I will qualify myself further in the following pages yet I want the reader to know that this writer has lived it. I have tried to quit cold turkey, I have done assisted withdrawal where they brought me down with Clonidine, that's actually a blood pressure drug that they found helps with the symptoms of withdrawal, I can say that it didn't help me much! I've kicked with the help of Suboxone, and when given in the proper dosage is the best way to come off of opiates, however Suboxone is an an opiate and you can become dependent on it. Many factors go into treating an addict, so there is really no cookie cutter approach when dealing with any individual. Some of the factors that need to be looked at when determining the best way to detox a person and to keep a successful maintained abstinence from the opiates are: type of opiate, length of time using it, amount used, and whether it was injected, snorted or smoked.
The unfortunate truth is that 90 percent of heroin addicts will relapse in their first year even after a stay at the local rehab. You have to tailor the recovery process to the person but another unfortunate truth is that some of these programs simply don't understand the opiate addicted brain. If they do their indifference is tantamount of malpractice, but hey what do I know? They have the PHD, I've only lived it. Now I don't know the technical terms, so I'm just going to explain the opiate brain in my own terms.
All people have naturally occurring opiates in their brain, the brain releases these opiates in response to working out, love, orgasm or in response to pain. When these naturally occurring endorphins are released in our brain we have over all good feelings, a state of well being. These endorphins are essential to a healthy functioning brain. When a person takes heroin or any opiate it floods the pleasure centers of the brain this outside stimuli is many times stronger then what your body produces. I've been asked by people who have never tried heroin what it feels like, and it's very hard to describe, however I've used the following answer to give a normal person an idea of the sense of bliss heroin gives you. Imagine you were naked in the middle of a huge ocean dropping to the bottom just moments before freezing to death, and suddenly you are scooped up in a warm, fluffy blanket that smells as sweet as lilacs, while someone holds you in their arms and continually strokes your hair. If you take that visual and multiply it by ten. That's how I felt seconds after taking the syringe out of my arm. Now I'm not trying to sound like I'm pro heroin, but let's be honest with ourselves there are not millions of addicts because it doesn't feel good.

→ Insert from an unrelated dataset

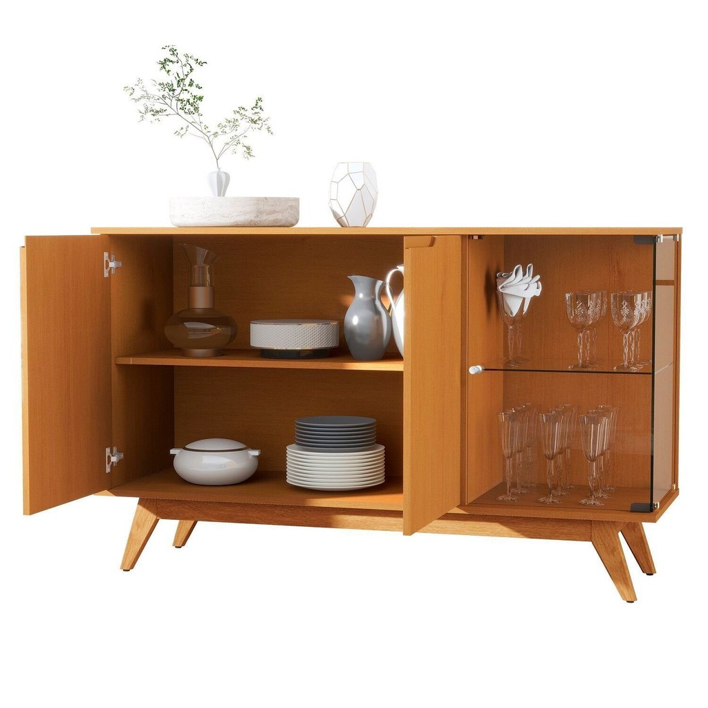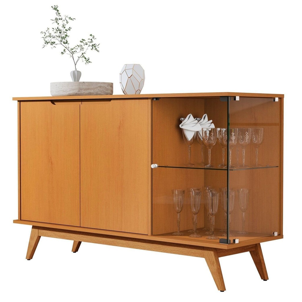 Buffet Tucumã com Puxador Usinado e Vidro em 4cm Temperado

Now, when you continually put this outside stimuli into your brain over days, months, and yes for many people even years, your brain stops making the naturally occurring endorphins. If you stop taking opiates your brain is completely without its essential chemicals and withdrawal begins. You're looking at a week of pure hell, followed by three to six weeks of insomnia, and believe me it gets ugly! I’ll tell you about withdrawal in more detail later on. For now let's continue our focus on the brain. Now that it’s completely without opiates it goes haywire and depending on factors mentioned above it can take weeks, sometimes even months to repair itself. Think of it like a computer trying to reboot to a standard functioning level after a major system crash. Some brains are simply unable to ever recover from this or even get back to anything like normal after extended periods of opiate abuse.
That being said, it can take some addicts months to recover, if they can and its during that faze that you enter PAWS, no it's not an animal shelter, it's Post Acute Withdrawal Syndrome. This can last for months, and has such symptoms as depression, insomnia, chronic fatigue and at times can make you feel like the first few days of withdrawal hell. PAWS can stick with the chronic user for years. The length and severity of these PAWS symptoms are directly related to length and amount of opiates used. To think that a person with twenty years of opiate addiction can go to detox for five days and then be all better is ludicrous! Now, I'm not saying that there aren't people that have been able to kick the habit on their first try, but believe me they are rare. Methadone and Suboxone have been used with great success to introduce a long-term user to sobriety, tapering them off in 18 to 24 months and I’ll gladly show you the data I've researched. We will also look at the stigma of Methadone or Suboxone maintenance. As well as, the long-term chronic abuser of an opiate and the possibility he or she may need replacement therapy for life. The only question is where do I begin?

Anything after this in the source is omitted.